##### Dataset

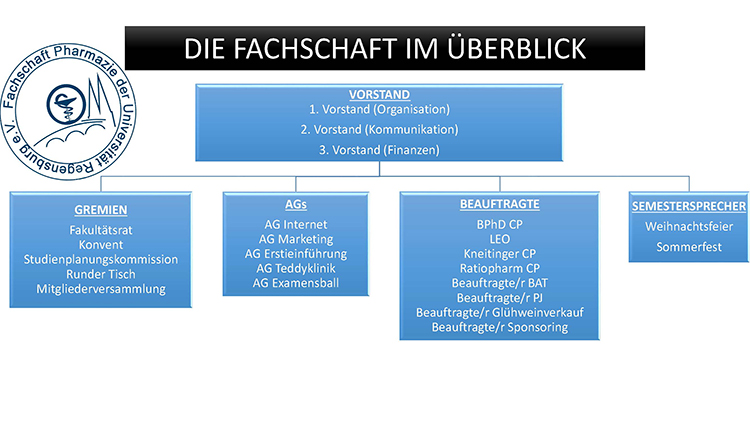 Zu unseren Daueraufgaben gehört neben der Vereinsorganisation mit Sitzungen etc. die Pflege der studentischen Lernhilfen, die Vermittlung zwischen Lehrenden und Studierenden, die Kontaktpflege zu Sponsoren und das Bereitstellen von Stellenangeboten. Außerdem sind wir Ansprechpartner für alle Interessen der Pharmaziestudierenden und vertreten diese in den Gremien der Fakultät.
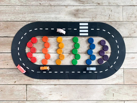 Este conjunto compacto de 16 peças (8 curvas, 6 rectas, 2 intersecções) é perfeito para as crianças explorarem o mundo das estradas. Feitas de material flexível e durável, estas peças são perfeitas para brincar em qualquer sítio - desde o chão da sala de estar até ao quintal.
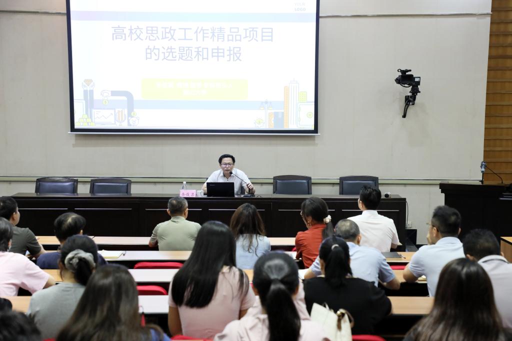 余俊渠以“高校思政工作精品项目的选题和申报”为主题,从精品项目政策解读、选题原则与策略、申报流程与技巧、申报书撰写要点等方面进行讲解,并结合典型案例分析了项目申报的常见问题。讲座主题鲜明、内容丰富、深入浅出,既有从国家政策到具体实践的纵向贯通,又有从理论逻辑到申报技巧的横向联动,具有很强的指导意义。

##########
##### Dataset

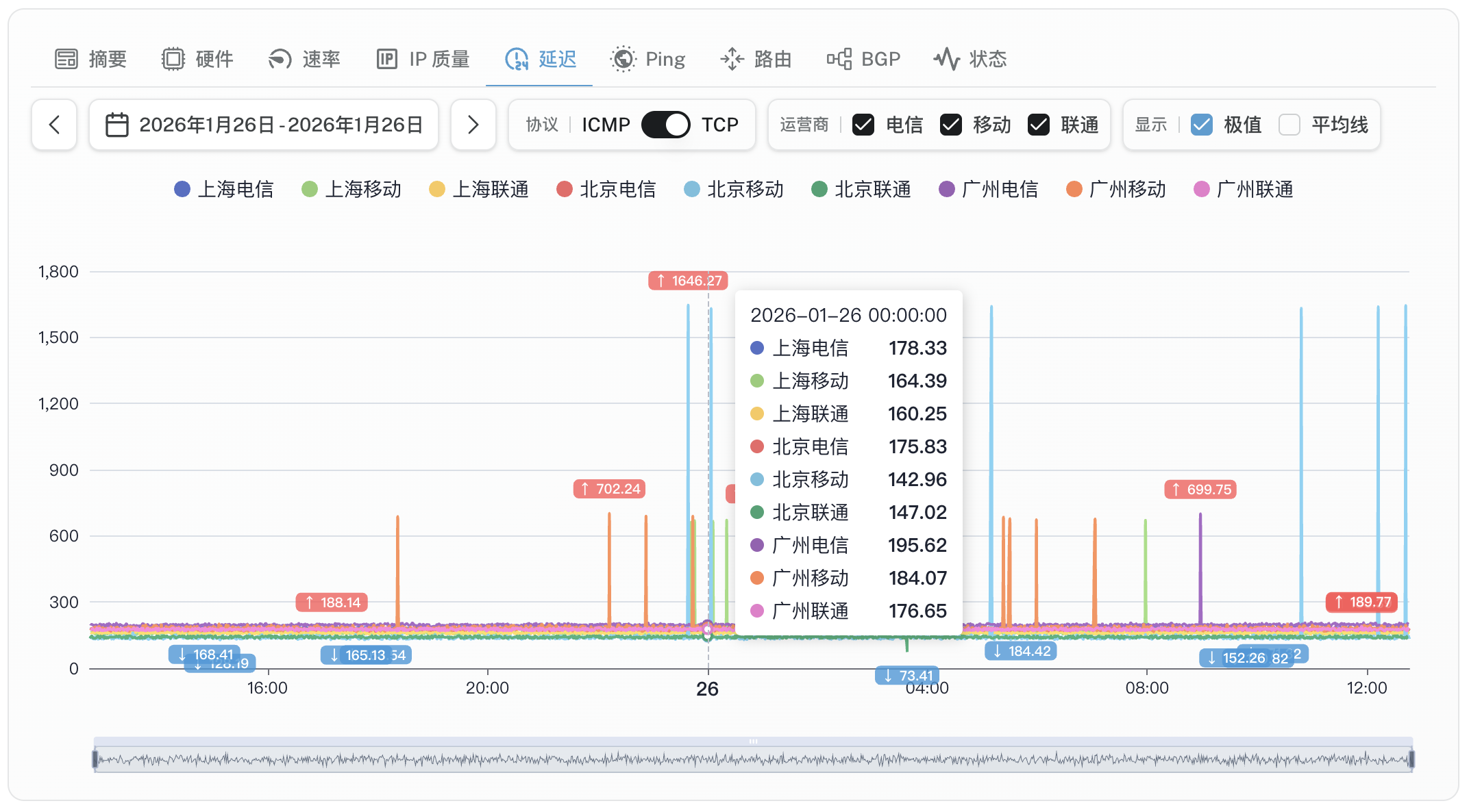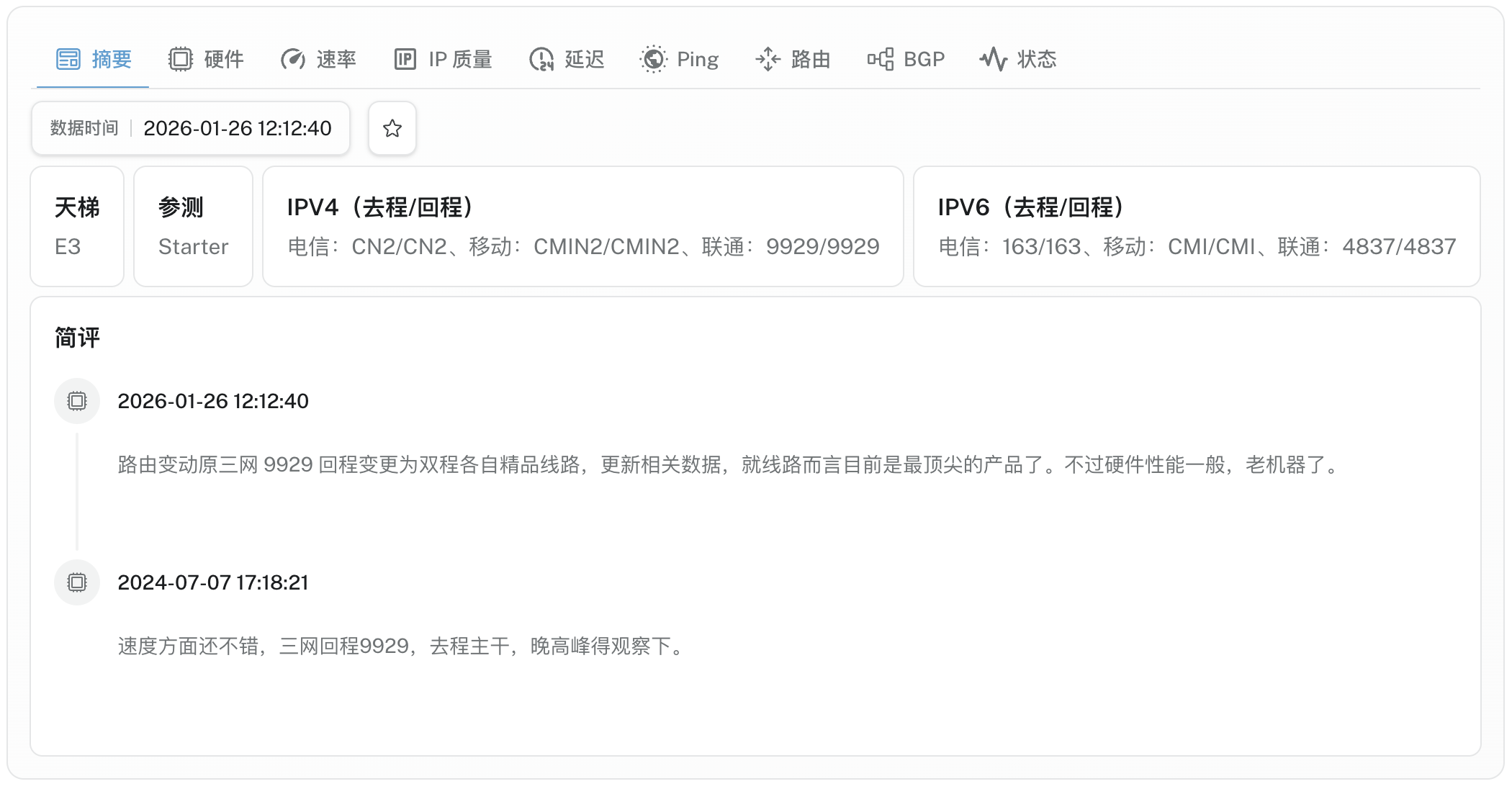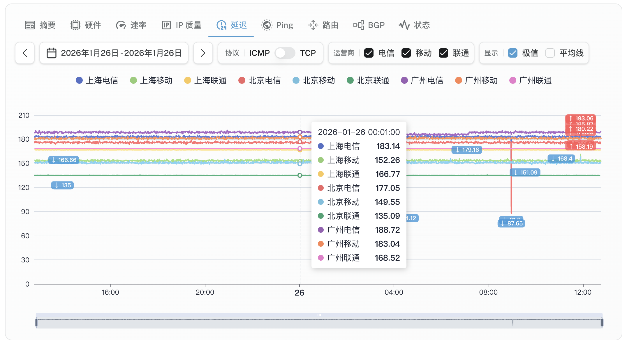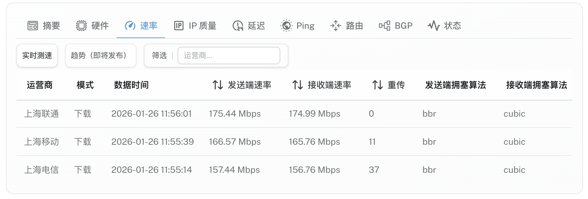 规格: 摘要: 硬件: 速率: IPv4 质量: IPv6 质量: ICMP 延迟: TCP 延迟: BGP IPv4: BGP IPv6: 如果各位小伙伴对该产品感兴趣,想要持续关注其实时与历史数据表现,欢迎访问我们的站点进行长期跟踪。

##########
##### Dataset

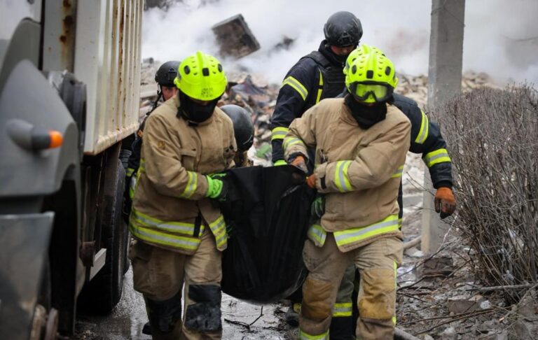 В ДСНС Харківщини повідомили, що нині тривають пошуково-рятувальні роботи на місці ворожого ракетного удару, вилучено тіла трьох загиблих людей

##########

● Exercise instructions
Without the pictures, set down the lines above from the line with "Zu unseren Daueraufgaben" up to and including the line with "Este conjunto compacto" exactly as they stand.

● Answer box
 Zu unseren Daueraufgaben gehört neben der Vereinsorganisation mit Sitzungen etc. die Pflege der studentischen Lernhilfen, die Vermittlung zwischen Lehrenden und Studierenden, die Kontaktpflege zu Sponsoren und das Bereitstellen von Stellenangeboten. Außerdem sind wir Ansprechpartner für alle Interessen der Pharmaziestudierenden und vertreten diese in den Gremien der Fakultät.
 Este conjunto compacto de 16 peças (8 curvas, 6 rectas, 2 intersecções) é perfeito para as crianças explorarem o mundo das estradas. Feitas de material flexível e durável, estas peças são perfeitas para brincar em qualquer sítio - desde o chão da sala de estar até ao quintal.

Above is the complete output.